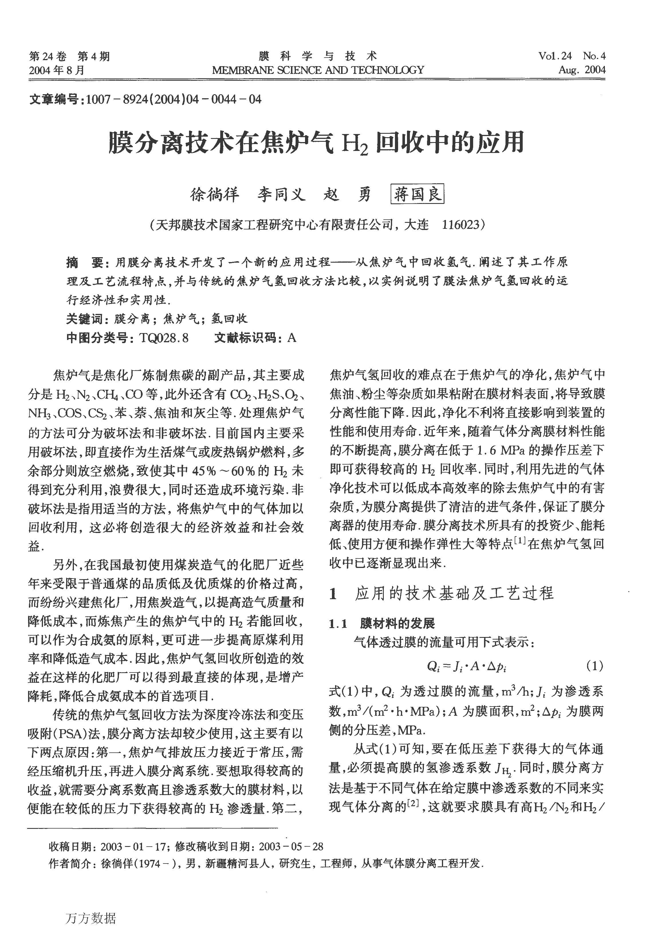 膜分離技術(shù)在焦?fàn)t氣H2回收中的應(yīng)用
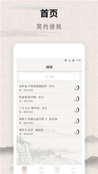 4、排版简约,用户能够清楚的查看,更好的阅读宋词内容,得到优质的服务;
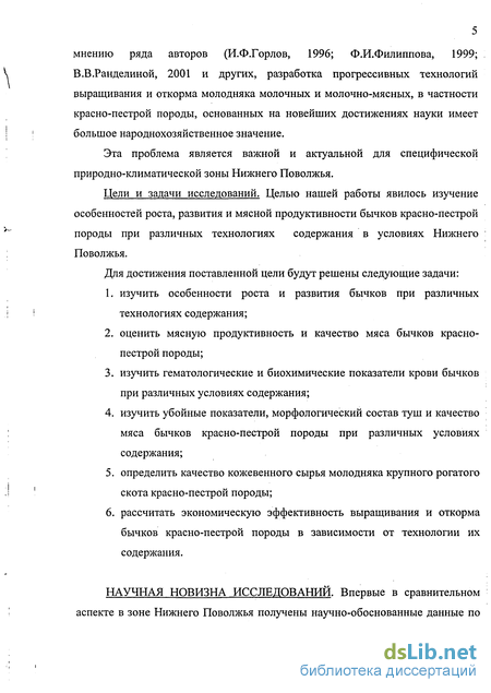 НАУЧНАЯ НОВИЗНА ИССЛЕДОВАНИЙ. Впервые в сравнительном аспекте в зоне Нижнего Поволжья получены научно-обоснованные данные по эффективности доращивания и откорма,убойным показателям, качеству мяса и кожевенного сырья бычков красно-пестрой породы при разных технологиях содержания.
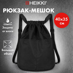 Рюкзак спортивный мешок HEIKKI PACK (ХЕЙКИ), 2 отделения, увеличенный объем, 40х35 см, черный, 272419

*Your objective:* Reproduce the data above in full, exactly as it is, with the pictures left out.

*Completed exercise:*
 膜分離技術(shù)在焦?fàn)t氣H2回收中的應(yīng)用
 4、排版简约,用户能够清楚的查看,更好的阅读宋词内容,得到优质的服务;
 НАУЧНАЯ НОВИЗНА ИССЛЕДОВАНИЙ. Впервые в сравнительном аспекте в зоне Нижнего Поволжья получены научно-обоснованные данные по эффективности доращивания и откорма,убойным показателям, качеству мяса и кожевенного сырья бычков красно-пестрой породы при разных технологиях содержания.
 Рюкзак спортивный мешок HEIKKI PACK (ХЕЙКИ), 2 отделения, увеличенный объем, 40х35 см, черный, 272419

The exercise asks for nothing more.